Шаляпину приходилось гастролировать на Западе для того, чтобы вернуть свое состояние, утраченное во время революции. Он испытал нужду и голод, он наблюдал немало трагических судеб певцов, потерявших голос, утративших и славу, и богатство, ставших никому не нужными, доживавших свой век в нищете, в горечи и унижении. С приближением старости у Шаляпина все более возрастал страх перед возможностью такого завершения карьеры, и он хотел обеспечить будущее себе и своей семье. Этот страх, подкрепляемый испытанными в юности травмами, да и событиями в России, со временем завладел его мыслями и изменил его характер.

Вести с родины были неутешительными. Советская Россия все дальше отходила от провозглашенных идеалов равенства и социальной справедливости. Жизнь в ней становилась все более тяжкой и небезопасной.

Не убеждали и сладкоречивые дифирамбы Максима Горького достижениям нового государства[77]. Да и вторая жена Шаляпина, Мария Валентиновна[78], была против возвращения.

Прошло немало времени, пока Шаляпин примирился с мыслью о том, что навсегда покинул Россию, которую глубоко любил и по которой тосковал; словно осуществилось давнее предчувствие трагического судьбоносного поворота, краха всей «системы координат», составлявшей опору и смысл его жизни, питавшей его творчество плодоносными соками.

Вместо предполагавшихся шести месяцев Шаляпин провел в Америке полтора года. Он только выезжал на короткое время в Европу: в сентябре 1923 года лечился и отдыхал во Франции. Но в мае 1924 года он вернулся в Европу на более продолжительное время. Провел концерты в Лондоне (Ройял Альберт Холл, Куни Холл), а затем спел несколько спектаклей «Бориса Годунова» и «Хованщины» в парижской Гранд Опера.
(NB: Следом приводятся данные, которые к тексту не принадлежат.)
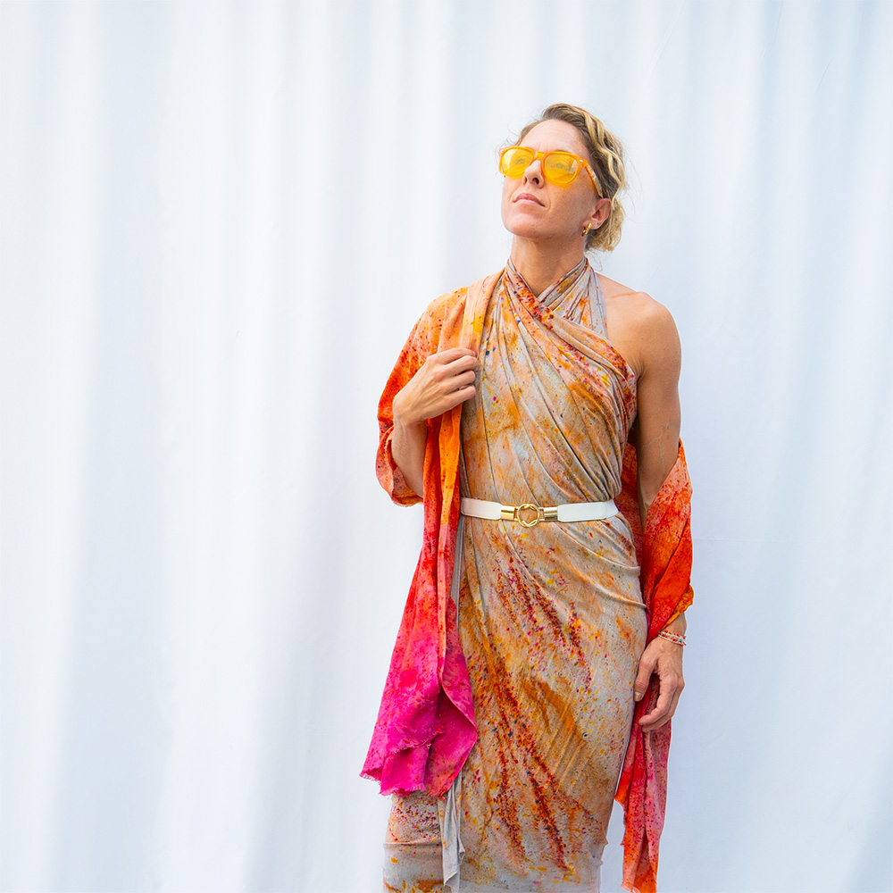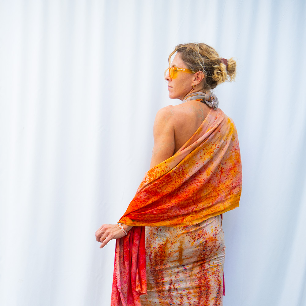 The Pink Fire Slim Wrap is a 20×72 inch rectangle cut from 100% Rayon with eyelash fringe. The woven rayon has a silky drape and a slight sheen that catches light as you move. Each piece is hand dash-dyed using Dharma Procion MX fiber reactive dye — applied in intentional dashes so color saturates the fiber permanently. Care: machine wash cold, gentle cycle. Hang to dry. Iron on low heat.
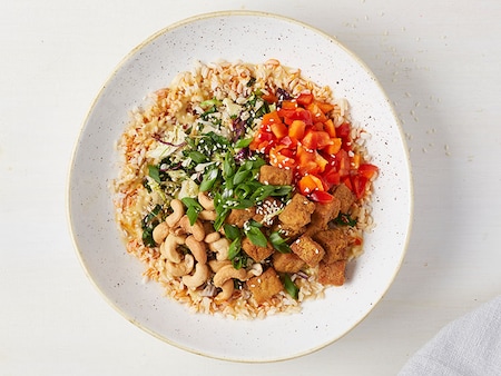 Grilled napa cabbage & power greens, crispy tofu cubes, chili oil, red pepper, cashews, sesame seeds, scallions, 369 dressing. Gluten allergy? Order your bowl with rice instead of soba.

Во время гастролей Шаляпина в Париже к нему приезжала в гости Иола Игнатьевна с детьми. Состоялась трогательная встреча. Шаляпин был полон энергии, как в молодые годы. Он неутомимо водил их по Парижу, показывал достопримечательности. Вечером в номере отеля «Балтимор» они все вместе пели русские песни.

Однажды вечером, незадолго до возвращения семьи в Россию, Шаляпин вдруг загрустил во время роскошного ужина в ресторане отеля.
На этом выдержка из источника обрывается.